Top 10 mistakes to be avoided
With the advent of new investors in the stock markets amid the covid19 restrictions. Consequently, the number of investors count has increased and crossed 50 million recently.
Some key mistakes that could be avoided by the novice investors/traders:
1) First and foremost mistake is the absence of even basic knowledge about the stock markets and associated terminology and its working /functioning etc.
2) Neither doing any adequate research nor consulting any financial advisors or experts while buying any financial assets.
3) Avoiding diversification of the portfolio by investing in particular sectors/stocks/asset classes as per the recommendation of business TV news anchors, family or friends etc. Nutshell, putting all the eggs in one basket.
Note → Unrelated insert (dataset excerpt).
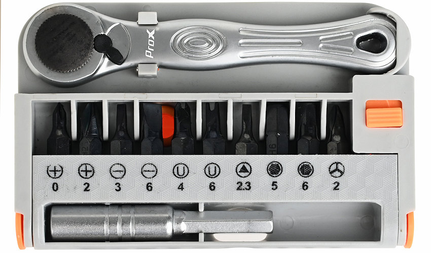 Klucz prox grzechotka kit-15 kieszonkowa 105mm, przedłużka, bity
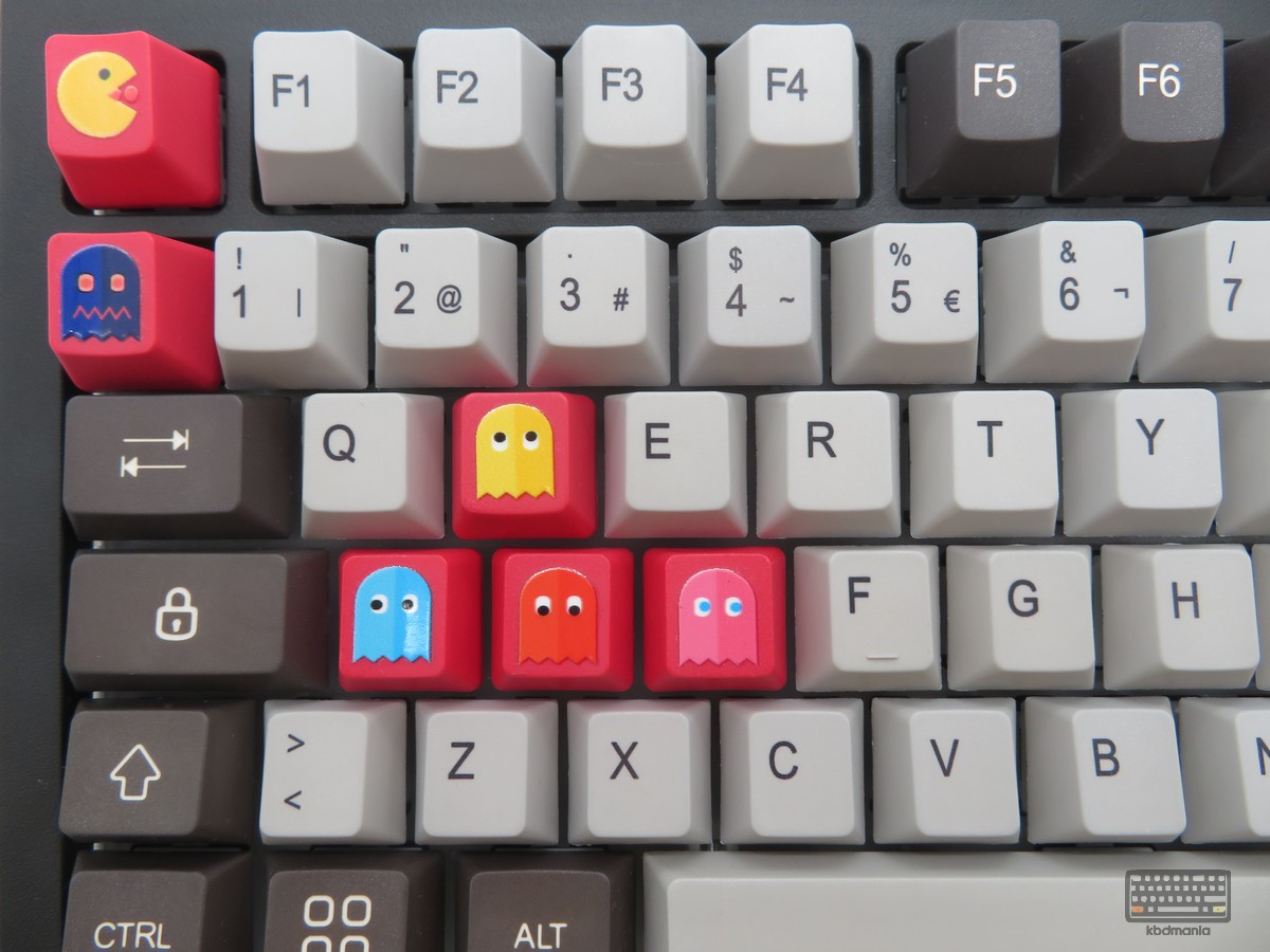 Motivo Comecocos que pueden ser para ESC , funciones o fila de números. En perfil cherry y material PBT de gran calidad. Válido para teclados mecánicos con conectores CHERRY MX.

4) Listening and then reacting to unsolicited news or events without properly authenticating and understanding it.
5) Do not follow risk management and trade without a Stop-loss strategy.
6) Doing trade frequently and end up paying substantial trading fees, commission or brokerage to brokers - Indulging in Overtrading.
7) Temptation to buy cheap/penny stock and intends to sell at a high price. This fiasco land them trapped into fundamentally weak stocks and loses capital. Not investing in large-cap debt-free equality stocks and considering them as expensive ones.
8) While investing/trading, focusing solely on minting money in a very short-term period and without considering micro and macro factors.
9) Earning decent or substantial/ profits in a particular stock(s) then not booking fully/partially profits.
10) Borrowing on margin or take debt to invest in the stock market or use funds earmarked for specific purposes like marriage, children education and medical expense etc.
Always remember that research patience and education mixed with rich experience are the right ingredients that can help traders/investors accumulate wealth in the long-term period.
So, investment decisions should be taken as per financial goals, time horizon and not purely on tactical market movements or sentiments.
Withering of fiscal stimulus & monetary incentives and amid raising interest rates regime only fundamentally strong businesses will thrive so, the prudent strategy would be to bet on them.
(Disclaimer: The views/suggestions/advices expressed here in this article is solely by investment experts. Zee Business suggests its readers to consult with their investment advisers before making any financial decision.)